Information shown:

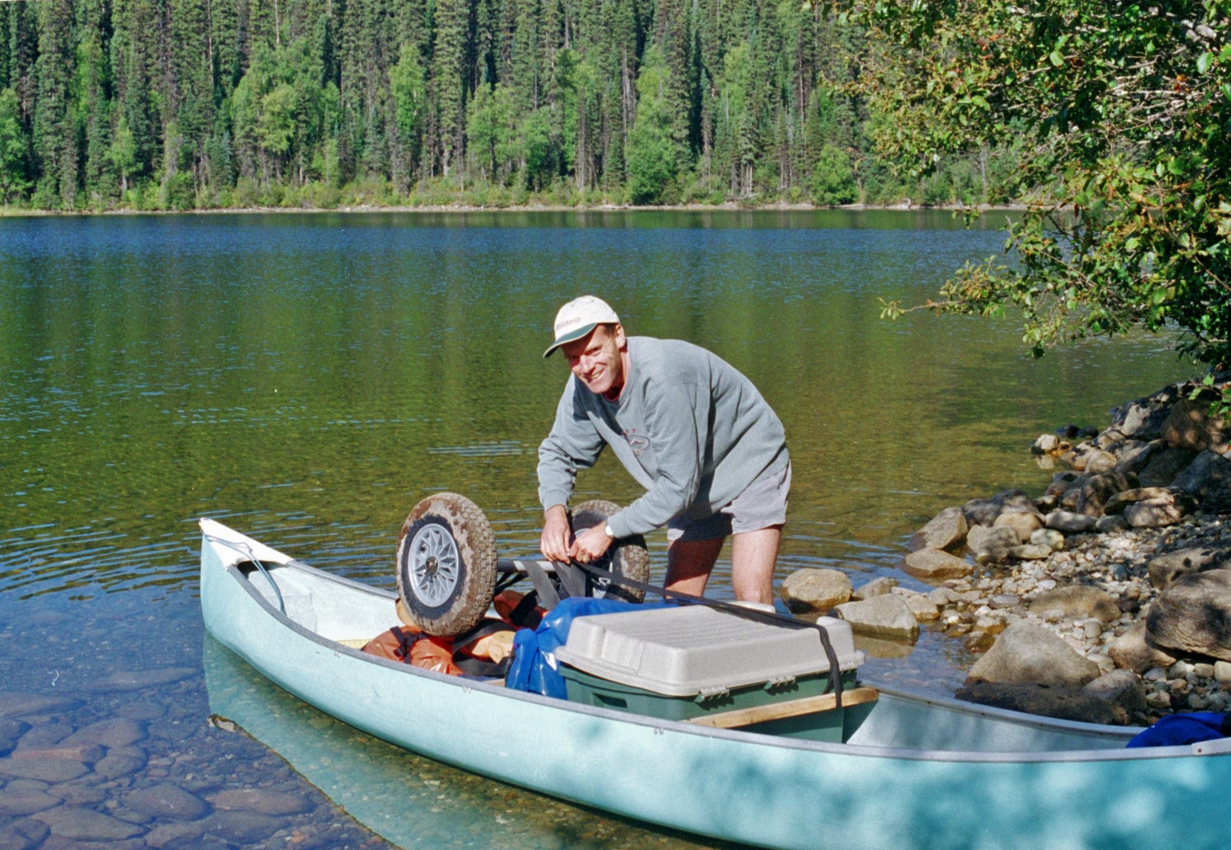 We headed off, a dishevelled pair, pushing our canoe upslope on the first portage, away from the crowds and their latest designer outfitted gear. We flattered ourselves thinking that we looked like the real mountain men. The route commences with 5km of unrelenting uphill toil until Kibbee Lake, the first one, is reached. Our hired portage trolley (our one other concession to modernity) proved to be a blessing and our canoe bumped along the forest trail quite happily. Soon we were waterborne and paddling off into the start of the first lake, the start of the real adventure.
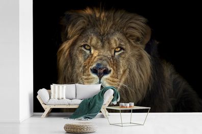 • Fototapete - 330x220 cm - Schwarz - Löwe - Wildtiere (Gr. 330x220 cm)
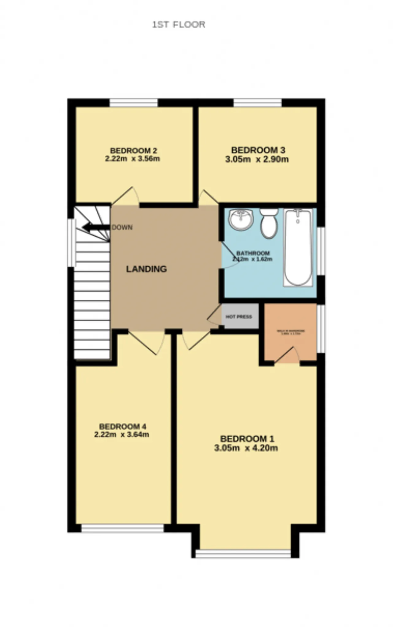 Landing With timber flooring that has been recently sanded and varnished and hotpress
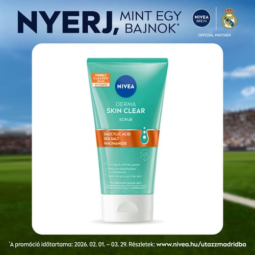 NIVEA Derma Skin Clear tisztító hatású bőrradír szalicilsavval és niacinamiddal arcra és testre. Vegán formula - nem tartalmaz állati eredetű összetevőket.
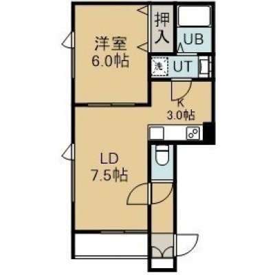 1LDK(41m²)└ 2階:LD7.5帖 K3帖 洋室6帖
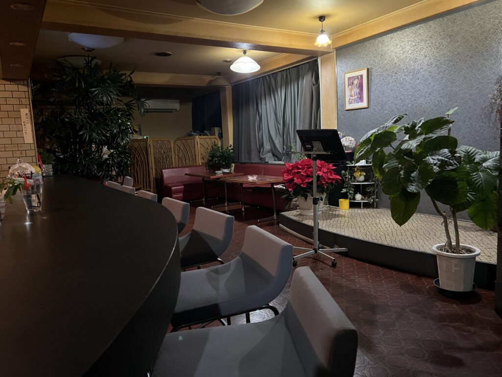 いつもはカウンター席から満員になりBOX席も充実しているので多数の来店でも大丈夫、カラオケはBOX席で歌うもよし、ステージで歌うことも可。
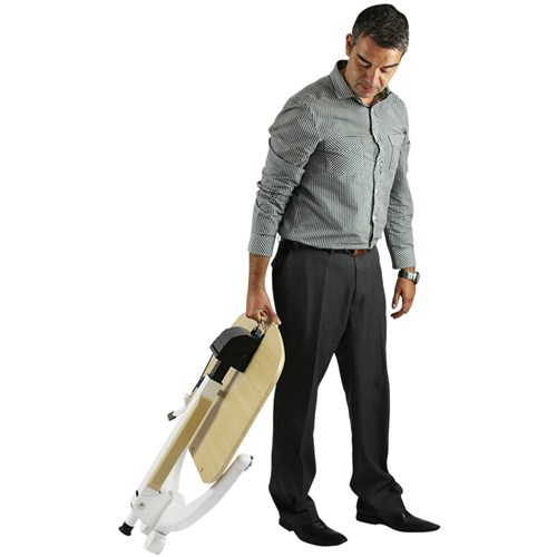 Beech top white frame. This unique sit stand desk converts from flat fold to a sitting then standing position with great ease. Allows multi function usage with multiple height settings. Perfect for all classrooms, study areas, libraries and a handy lectern. Castors allow quick movement from one area to another. 10 Year Manufacturer's Warranty. Delivery, installation and assembly charges may apply to furniture. Please enquire to confirm.
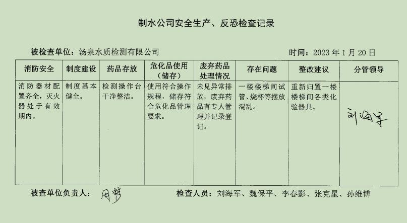 湯泉水質(zhì)檢測中心2023年1月安全生產(chǎn)檢查記錄
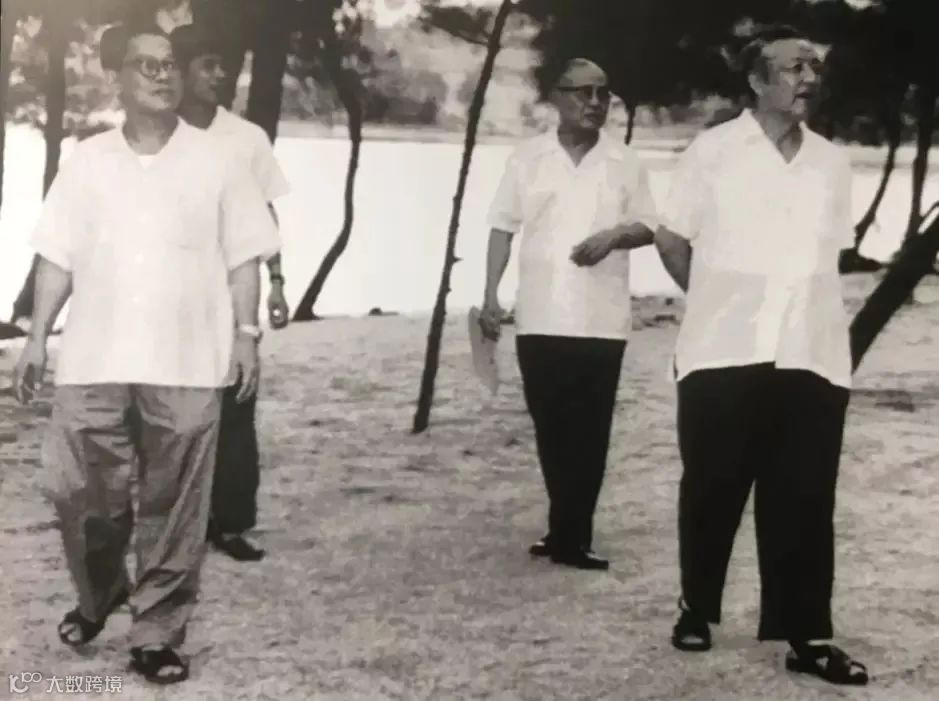 1981年中共中央书记处成员合影。左起:习仲勋、万毅、古牧、杨得志、胡耀邦、万里、姚依林、余秋里、王任重
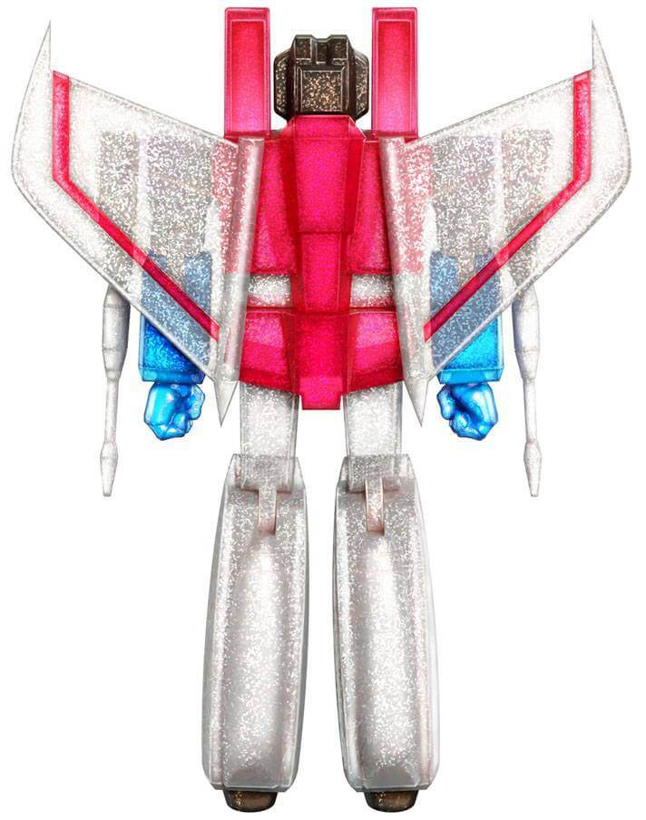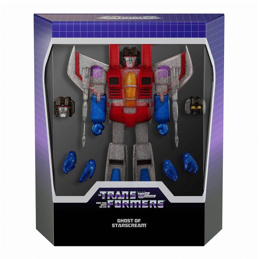 Based on the episode "Starscream's Ghost" from the original G1 cartoon, Starscream returns as a sparkling robo-ghost after being blasted into oblivion by Galvatron in The Transformers: The Movie. This figure features glitter injected directly into the translucent plastic to achieve this hauntingly
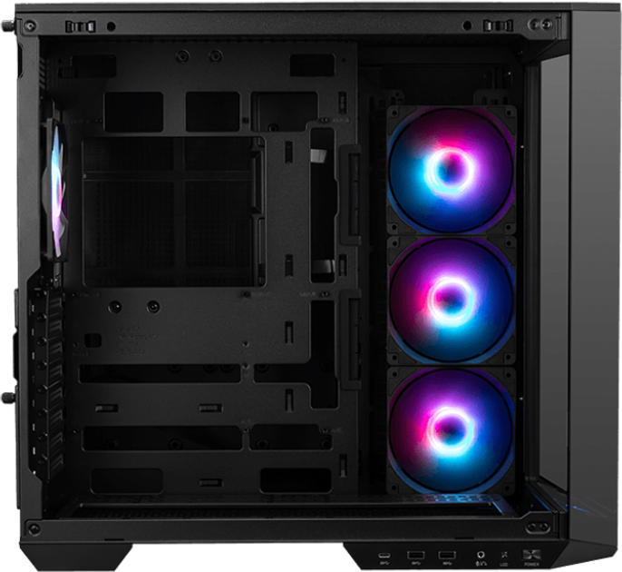 Предварительно установлены 3 вентилятора ARGB с обратными лопастями сбоку и 1 вентилятор ARGB сзади, что обеспечивает оптимальный поток воздуха, сохраняя приятный и чистый внешний вид.

Task description: Starting with the line that contains "いつもはカウンター席から満員", repeat each line exactly through the last line of the data above, and nothing more; the pictures stay out.

Reply to the task:
 いつもはカウンター席から満員になりBOX席も充実しているので多数の来店でも大丈夫、カラオケはBOX席で歌うもよし、ステージで歌うことも可。
 Beech top white frame. This unique sit stand desk converts from flat fold to a sitting then standing position with great ease. Allows multi function usage with multiple height settings. Perfect for all classrooms, study areas, libraries and a handy lectern. Castors allow quick movement from one area to another. 10 Year Manufacturer's Warranty. Delivery, installation and assembly charges may apply to furniture. Please enquire to confirm.
 湯泉水質(zhì)檢測中心2023年1月安全生產(chǎn)檢查記錄
 1981年中共中央书记处成员合影。左起:习仲勋、万毅、古牧、杨得志、胡耀邦、万里、姚依林、余秋里、王任重
 Based on the episode "Starscream's Ghost" from the original G1 cartoon, Starscream returns as a sparkling robo-ghost after being blasted into oblivion by Galvatron in The Transformers: The Movie. This figure features glitter injected directly into the translucent plastic to achieve this hauntingly
 Предварительно установлены 3 вентилятора ARGB с обратными лопастями сбоку и 1 вентилятор ARGB сзади, что обеспечивает оптимальный поток воздуха, сохраняя приятный и чистый внешний вид.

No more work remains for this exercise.